Fácil. Hemos ahorrado durante meses y otros hemos recibido una herencia sencilla con el que vamos a juntar para comprarnos al fin una nave e irnos a visitar la Tierra como turistas. Andrew propuso la idea de que hemos ganado el dinero en un casino: el Marthause. Aquella es una buena idea y hasta casi respaldada, pero hay un pequeño problema que olvidamos.
Sofía es buscada por robo y Andrew por violentar a su jefe.
—¿Cómo pudimos haberlo olvidado? —dijo Andrew, con su mirada perdida. Aún no hemos bajado del taxiautomata.
—Se me ha escapado —murmuró Sofía. Las manos en la cabeza, los codos apoyados en las rodillas—. No vamos a poder salir del Domo: todo está vigilado. Seguro ya saben dónde estamos...
Julieta también miró el suelo del taxi, pensativa. Yo miré a los tres, esperando que a alguien se le ocurriera algo. Una idea.
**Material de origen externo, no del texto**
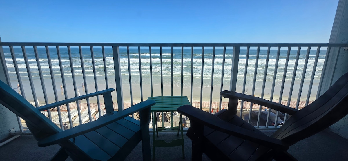 歡迎來到我們位於佛羅里達州代托納海灘的海濱套房,可欣賞迷人的海景,距離迷人的餐廳和酒吧、星巴克、CVS、購物、娛樂等僅幾步之遙!如果您覺得冒險,對面還有一個名為海盜島(Pirate Island)的迷你高爾夫球場。 我們提供海盜灣停車場的停車證,方便您使用。 從私人陽臺上欣賞壯麗的海景和令人驚嘆的日落景色。我們的海濱套房可直達海灘!
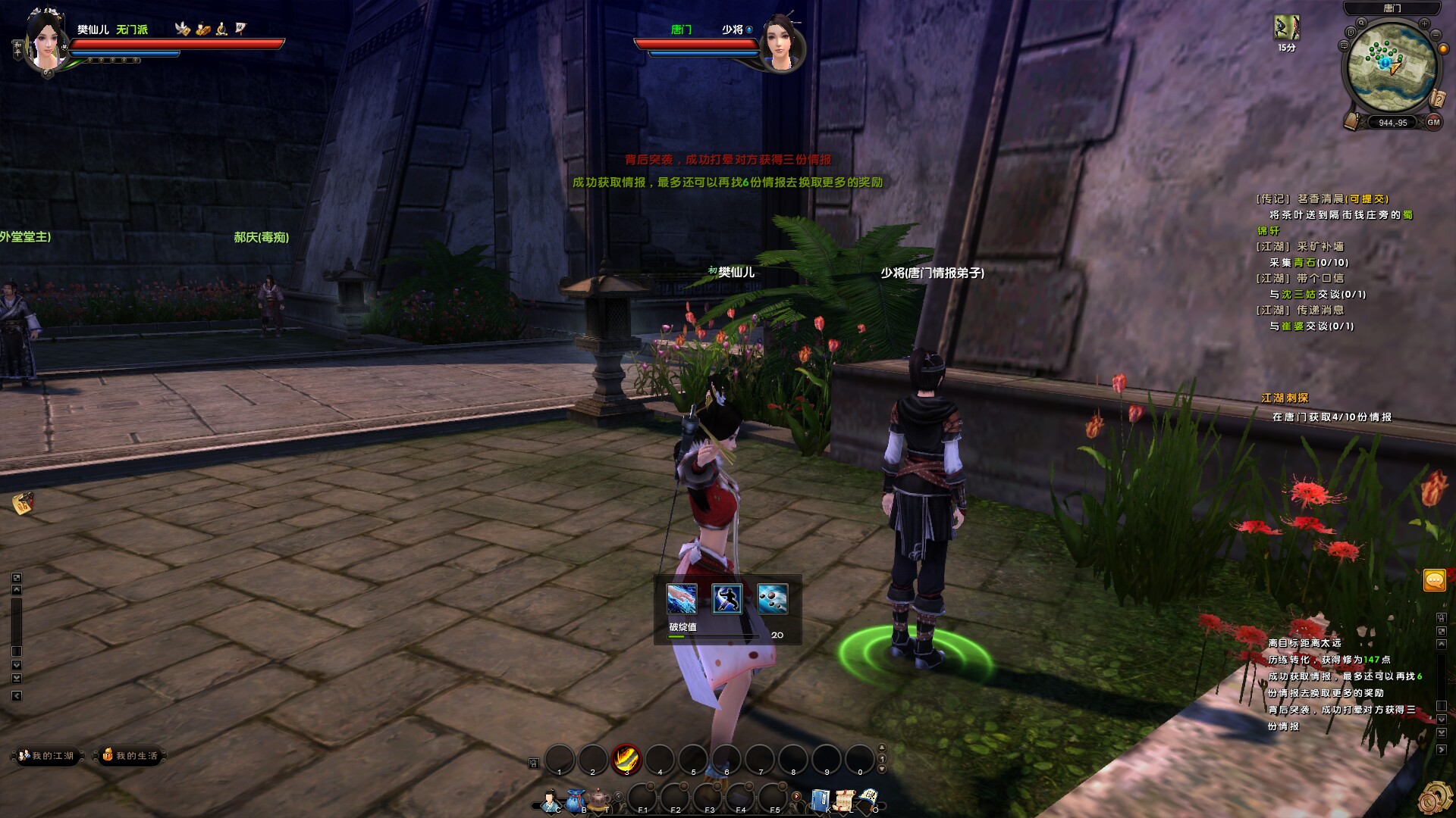 當成功獲得10份情報之後,你就可以回自己的門派交任務了,你可以通過“江湖爭鬥”框中選擇自己門派來查詢任務NPC的位置。
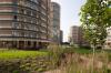 Вентилируемые фасады из керамогранита выполнены в темных, светлых и ярких тонах — каждый тип дома оформлен в индивидуальном стиле. Высотность домов снижается по мере приближения к центру: квартал устроен так, чтобы закрыть внутреннее пространство от шума города и при этом сохранить хорошую освещенность домов.
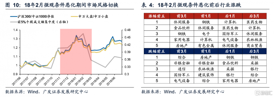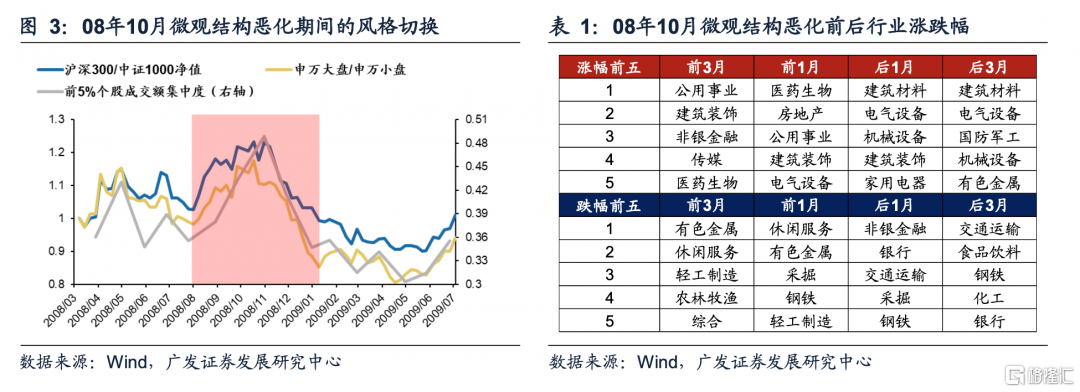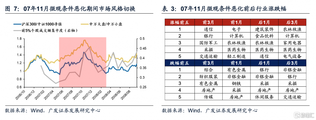 07年末至08年初,DDM核心条件反转+市场微观结构恶化,股市由牛转熊,市场风格切换。在2007年末全球金融危机爆发后,A股DDM模型分子分母端发生反转,导致市场最终发生牛熊切换——分子端,A股非金融盈利增速在08年一季度后转负,二季度后GDP增速、PMI、出口增速断崖式下跌,企业盈利及盈利预期转为悲观;分母端,08年危机前后央行密集加息加准,货币政策趋紧导致市场流动性收缩,同时海外金融危机蔓延激发悲观情绪导致市场风险偏好下行。在DDM三要素均发生逆转叠加市场微观结构恶化背景下,2007年11月后,市场由牛转熊,大小盘相对风格逆转,具有明显大盘风格的银行、非银等行业跌幅居前。
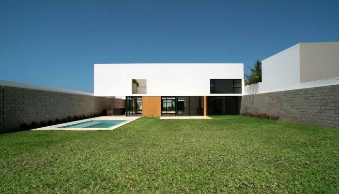 極簡別墅帶有大自然氣息,U字型的別墅設計棱角分明。在住宅中的庭院或者其他的空曠空間往往被定義為是一個等價空間,沒有一個特定的作用。不過,這樣的空間在一個景觀設計中卻是必不可少的,界限模糊的原始空間往往會被設計師們改造成不同的風格種類。
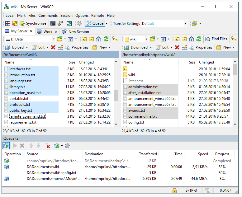 WinSCP is a popular file transfer client for SFTP and FTP specifically designed for the Microsoft Windows operating system. It enables users to efficiently move files between their local computers and remote servers, supporting a variety of protocols such as FTP, FTPS, SCP, SFTP, WebDAV, and S3. As an open-source tool, WinSCP offers a free solution for file transfers and functions as a client for WebDAV, S3, and SCP, catering to the needs of Windows users. Its primary function is to facilitate the transfer of files between local and remote environments. Furthermore, WinSCP includes scripting features and basic file management capabilities, which significantly enhance its overall utility. The software is designed with a user-friendly graphical interface that is available in numerous languages, ensuring accessibility for a wide range of users. It integrates seamlessly with the Windows operating system, providing convenient functionalities like drag-and-drop file transfers, URL handling, and customizable shortcut icons. Users can execute all standard file operations while enjoying support for various protocols, including SFTP, SCP over SSH, FTP, WebDAV, and S3. In addition, WinSCP accommodates batch file scripting and provides a command-line interface, along with a .NET assembly for those who need more advanced programming features. Directory synchronization can be performed through several semi-automatic or fully-automatic methods, adding to its versatility. The built-in text editor, shared site settings with PuTTY, and compatibility with multiple authentication methods—such as password, keyboard-interactive, public key, and Kerberos—further elevate the user experience. Overall, WinSCP is distinguished as a robust and comprehensive solution for secure file transfers and related operations, making it an invaluable asset for users who require reliable data transfer capabilities.
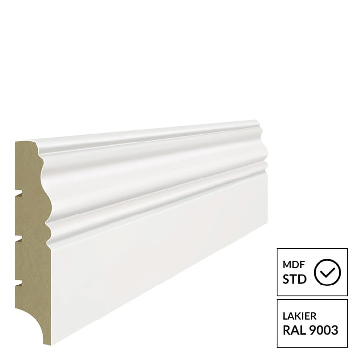 Wysokiej jakości lakierowana listwa przypodłogowa polskiego producenta wykonana na bazie płyty MDF.
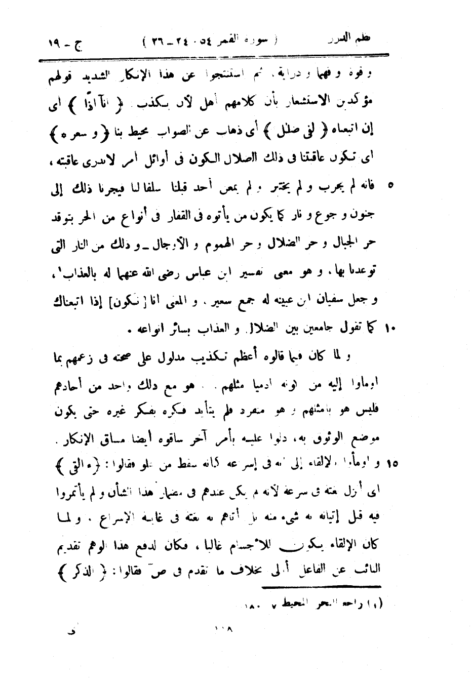 وقوة وفهماً ودراية، ثم استنتجوا عن هذا الإنكار الشديد قولهم مؤكدين الاستشعار بأن كلامهم أهل لأن يكذب: {إنا إذاً} أي إن اتبعناه {لفي ضلال} أي ذهاب عن الصواب محيط بنا {وسعر *} أي تكون عاقبتنا في ذلك الضلال الكون في أوائل أمر لا ندري عاقبته، فإنه لم يجرب ولم يختبر ولم يمعن أحد قبلنا سلفاً لنا فيجرنا ذلك إلى جنون وجوع ونار كما يكون من يأتوه في القفار في أنواع من الحر بتوقد حر الجبال وحر الضلال وحر الهموم والأوجال - وذلك من النار التي توعدنا بها، وهو معنى تفسير ابن عباس رضي الله عنهما له بالعذاب، وجعل سفيان بن عيينه له جمع سعير، والمعنى إنا نكون إذا اتبعناك كما تقول جامعين بين الضلال والعذاب بسائر أنواعه.
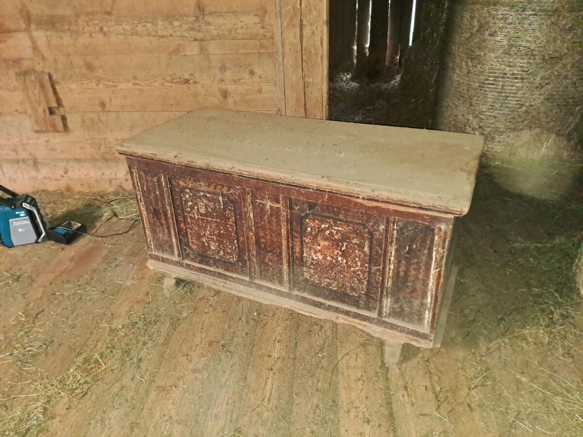 Antike, alte Truhen abzugeben. Die bemalte Truhe besitzt ein Geheimfach. Lieferung gegen Aufpreis möglich. VB.
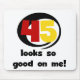 Si usted o alguien que usted conoce cumple 45 años, le encantarán nuestras camisetas de cumpleaños 45 Looks So Good On Me, botones, tarjetas, pegatinas, tazas, imanes y otras prendas de cumpleaños 45 con un diseño de texto negro, rojo y amarillo.
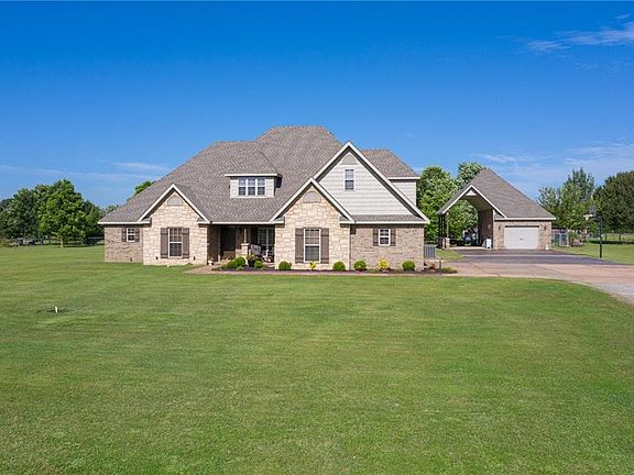 SW OF Ft SMITH ON THE OK SIDE OF STATELINE RD. This striking 4 BR 3.5 BA home sits on 2.83 park like acres. (Detached WS & RV parking.) Enter this polished family home to find an office (with a closet) & separate dining. The South Wing offers a BR, safe rm & full BA. The kitchen is perfect for entertaining & you will find the walk in pantry very useful. N wing features a master suite as well as a laundry room w. 1/2 bath. 2nd floor 2 BR 1BA & a lg bonus rm. (call for extra list of amenities)
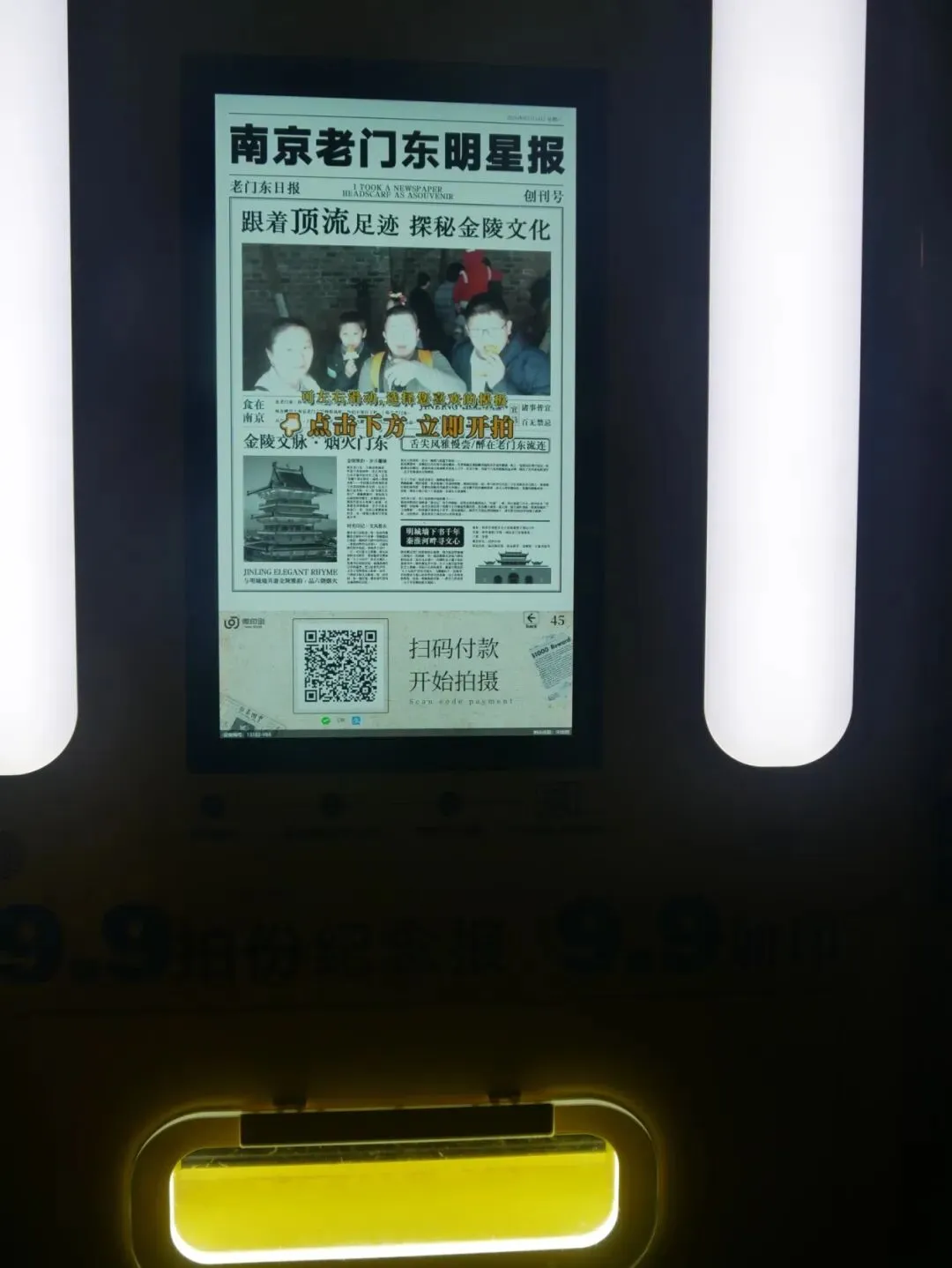 地铁后的广告正好是夫子庙,小老王说,帮我们一家来一张有些特别的南京夫子庙合影、
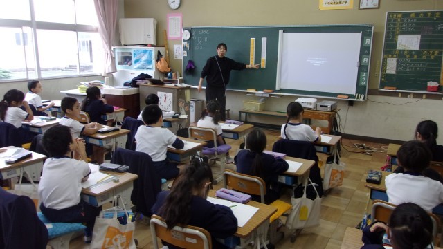 1校時の授業は、どちらのクラスも算数です。「くりさがりのある引き算」を学習しています。「11-2」や「13-8」をどうやって計算すればよいか、考えました。「11」を10と1に分け、10から2を引いて、そこに余っている1を足すという方法を、子どもたちは発表していました。
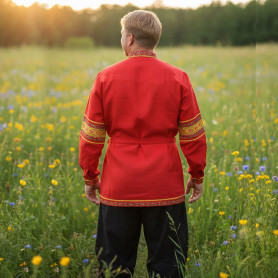Рубаха мужская «Истоки» с коротким, втачным рукавом выполнена из белого льна. Ворот, рукава, низ изделия оснащены декором из жаккардовой тесьмы с традиционными славянскими обережными узорами. Модель комплектуется поясом (кушаком) из ткани с тесьмой.

Pero nadie decía nada y el taxiautomata seguía el camino, dando vueltas en círculos solo porque no recibe instrucciones.
—Tu ex —dijo Andrew después de unos minutos estando callado. Quizá está reflexionando sobre si es la mejor opción—. Es la única opción. ¿Cómo se llamaba? ¿Tomas?
—Sí —apoyó Julieta—, él tiene una nave, ¿no es así? Está afuera y tú sabes cómo salir.
Me relajé, pero Sofía negó con la cabeza.
—Nunca aceptaría subir a otros que no sean de su tripulación. Es un terco de mierda. Además, la única forma de salir sería pasar por ExploMarte. Volver a ver a Gregoria.
—Destrozaste nuestros teléfonos —añadí, decepcionado—, así que no tenemos manera de comunicarnos con él de todas formas.
—Hay una manera —replicó Julieta—. Puedo meterme en la red desde cualquier dispositivo, solo necesito su información personal. Podría tardar horas en lograr comunicarme.
Sofía lo pensó unos instantes. Parece decidida.
—Estábien. —Suspiró cansada—. ¡Taxi, da la vuelta, regresános al tercer octante!